Department of Civil and Mechanical Engineering, University of Cassino and Southern Lazio, Via Di Biasio, 43, 03043 Cassino, FR, Italy.
Department of Civil, Architectural and Environmental Engineering, University of Napoli Federico II, Via Claudio 21, 80125 Napoli, Italy.
Bioresour Technol. 2019 Dec;293:122033. doi: 10.1016/j.biortech.2019.122033. Epub 2019 Aug 18.
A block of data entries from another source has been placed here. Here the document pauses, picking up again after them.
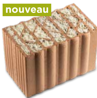
Capo LANA garnie de laine de mouton suisse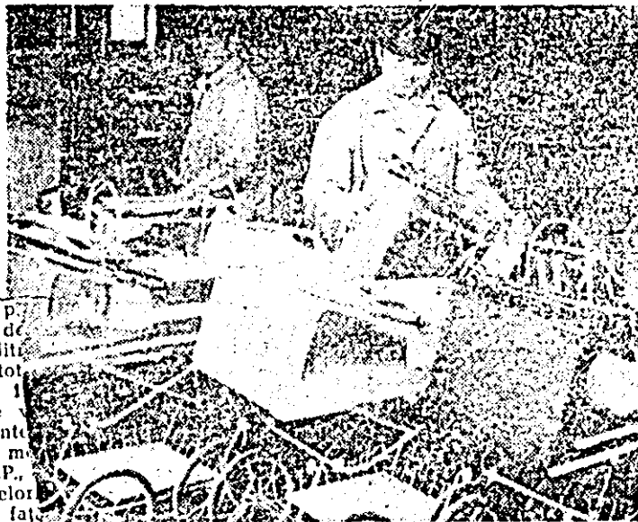
Aspect de muncă la Întreprinderea de bunuri metalice Arad.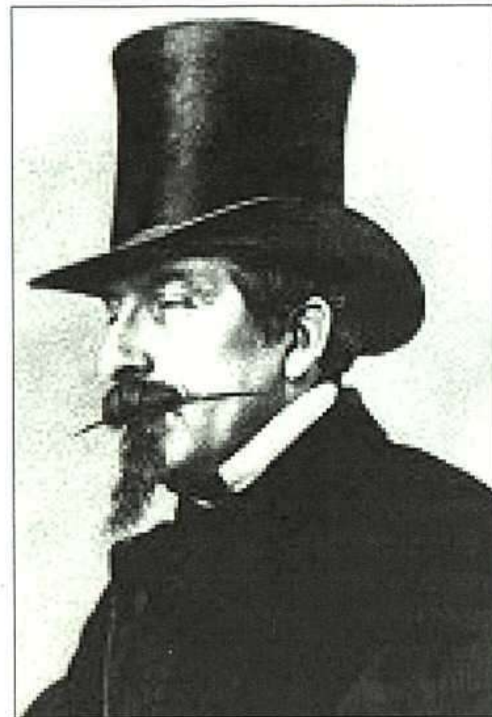
Tres hombres clave en la historia de la Italia del XIX: el ministro Cavour (arriba a la izquierda); a su lado, Napoleón III retratado por el famoso fotógrafo francés, Nadar; y Giuseppe Mazzini, jefe del trinvirato de la República de Roma.

dujo entre 1820 y 1831 en una serie de rebeliones y movimientos revolucionarios, atizados por las sociedades secretas, que, fundadas por hombres salidos de la burguesía media, fueron a la vez su causa y efecto. Pero el Congreso de Viena había dejado a Italia prácticamente a merced de Austria, y Metternich —ministro de Asuntos Exteriores hasta 1821 y luego canciller imperial de Austria—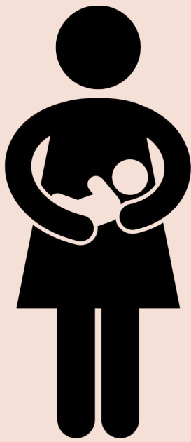
ကလေးမွေးဖွားပြီးသောအချိန်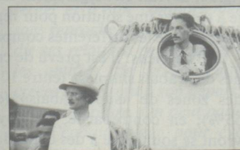
Auguste Piccard (à gauche) en 1932.

■ Il y a 25 ans décédait le professeur Auguste Piccard , un des plus grands et plus courageux chercheurs que la Suisse ait connus. Au début des années trente, ce scientifique aux talents multiples s'est envolé à une altitude jamais atteinte jusqu'alors à bord de son ballon stratosphérique.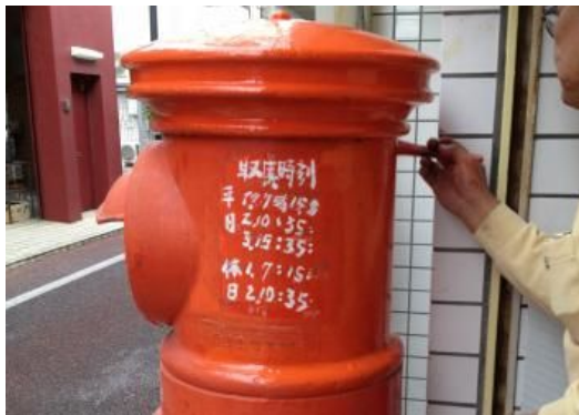
通りに戻ってきた郵便ポスト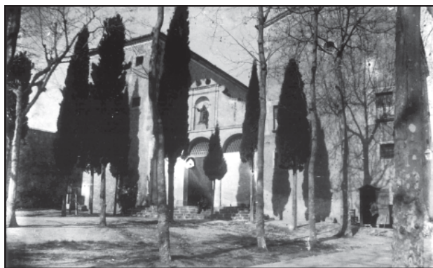
Façana del convent de les Caputxines. A la dreta, la caseta dels burots.

6.- Els Fielatos de Consumos eren les casetes dels burots. Eren situades a totes les entrades de la ciutat, i servien perquè un funcionari municipal, el burot, cobrés o recaptés els arbitris municipals que gravaven els articles de consum, especialment els productes agrícoles, que entraven a la població. Per aquest motiu, tenien poques simpaties entre les classes populars.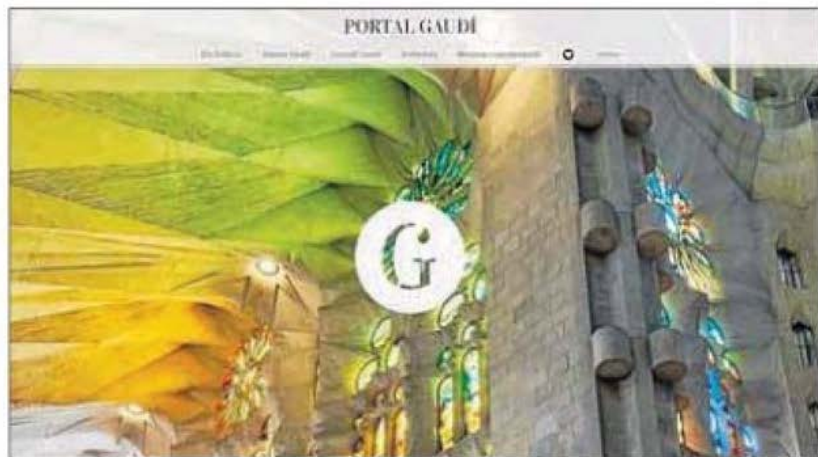
Aspecte del web, que s’ha posat en marxa aquesta setmana.

Portal Gaudí vol fer accessible als usuaris d’arreu del món la història i personalitat d’Antoni Gaudí com a arquitecte universal i tots els béns monumentals que es conserven a Catalunya. Vol ser un lloc de referència per aque-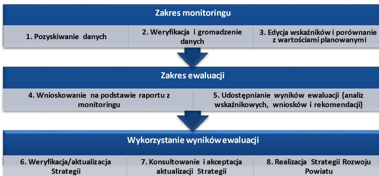
Rysunek 4. Proces monitorowania i ewaluacji Strategii

Proces monitorowania i ewaluacji Strategii prezentuje poniższy rysunek.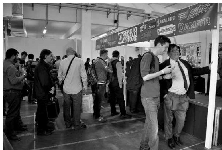
Area Firme Bonelli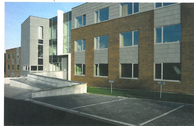
Les Comtes de Méan.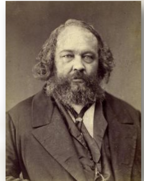
Михаил Бакунин 1814-1876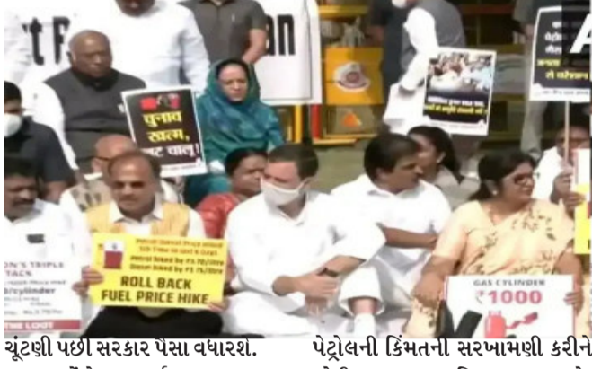
ચૂંટણી પછી સરકાર પૈસા વધારશ. કોંગ્રેસના પૂર્વ અધ્યક્ષ રાહુલ ગાંધીએ પેટ્રોલ અને ડીઝલના ભાવોમાં થઈ રહેલા સતત વધારાને લઈને કેન્દ્ર સરકાર પર નિશાન સાધ્યું છે. રાહુલ ગાંધીએ દિવટ દ્વારા પણ પડોશી દેશોમાં પેટ્રોલની કિંમતો સાથે ભારતમાં

કોંગ્રેસના નેતાઓ સહિત કાર્યકરોએ મોટી સરકાર વિરુદ્ધ સૂત્રોચ્ચાર કર્યા હતા. આ દરમિયાન રાહુલ ગાંધીએ કહ્યું કે આજે અહીં અમારા કોંગ્રેસના સાંસદો અને દરેક રાજ્યમાં અમારા નેતાઓ પેટ્રોલ અને ડીઝલના ભાવ વધારાનો વિરોધ કરી રહ્યા છે. અમારી માંગણી છે કે પેટ્રોલ અને ડીઝલના ભાવ વધારાને રોકવામાં આવે. તેની અસર ગરીબોને પડી રહી છે. ગેસ સિલિન્ડરના ભાવ બમણા થઈ ગયા, આનું ઇતિહાસમાં ક્યારેય બન્યું નથી. સરકારનો સ્પષ્ટ એજન્ડા છે કે ગરીબોમાંથી પૈસા કાઢીને બંધી ત્રણ અબજપતિઓને આપવામાં આવે. રાહુલે વધુમાં કહ્યું કે ચૂંટણી સમયે પણ અમે લોકોને કહ્યું હતું કે હવે પેટ્રોલ લો,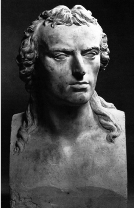
22. Johann Heinrich Dannecker, Erma di Friedrich Schiller , Marbach, Schiller-Nationalmuseum/Deutsches Literatur-archiv

ne ingentilita di sentimento e ragione, attraverso il motivo prediletto della grazia, la bellezza in movimento. In questa chiave anche l'attitudine del Genio, che sottrae il proprio sguardo dalla natura, intuendola ma non osservandola direttamente, appare richiamare il motivo del poema di Schiller Das verschleierte Bild zu Sais (1795), che preclude alla sete di conoscenza dell'uomo di svelare, proprio nella personificazione egizia di Iside, la verità e il mistero della natura 35 . E Schiller sembra rievocato persino dalle fattezze ideali, ma come si è detto dotate di un tratto individuale e non canonico, del vol-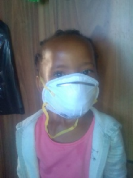
Corona-Virus in Lesotho

This study focused on continuous-flow hydrogen production by Thermotoga neapolitana at a hydraulic retention time (HRT) decreasing from 24 to 5 h. At each HRT reduction, the hydrogen yield (HY) immediately dropped, but recovered during prolonged cultivation at constant HRT. The final HY in each operating period decreased from 3.4 (±0.1) to 2.0 (±0.0) mol H/mol glucose when reducing the HRT from 24 to 7 h. Simultaneously, the hydrogen production rate (HPR) and the liquid phase hydrogen concentration (H) increased from 82 (±1) to 192 (±4) mL/L/h and from 9.1 (±0.3) to 15.6 (±0.7) mL/L, respectively. Additionally, the effluent glucose concentration increased from 2.1 (±0.1) to above 10 mM. Recirculating H-rich biogas prevented the supersaturation of H reaching a value of 9.3 (±0.7) mL/L, resulting in complete glucose consumption and the highest HPR of 277 mL/L/h at an HRT of 5 h.
本研究关注的是在水力停留时间(HRT)从 24 小时减少到 5 小时的情况下,嗜热栖热菌连续产氢。在每次 HRT 降低时,产氢率(HY)立即下降,但在恒定 HRT 下长时间培养时会恢复。当 HRT 从 24 小时减少到 7 小时时,每个运行阶段的最终 HY 从 3.4(±0.1)降低到 2.0(±0.0)摩尔 H/摩尔葡萄糖。同时,氢气产率(HPR)和液相氢气浓度(H)分别从 82(±1)增加到 192(±4)mL/L/h 和从 9.1(±0.3)增加到 15.6(±0.7)mL/L。此外,流出物葡萄糖浓度从 2.1(±0.1)增加到 10 mM 以上。循环富氢沼气防止了氢气达到 9.3(±0.7)mL/L 的过饱和状态,导致葡萄糖完全消耗,并在 HRT 为 5 小时时达到最高的 HPR 为 277 mL/L/h。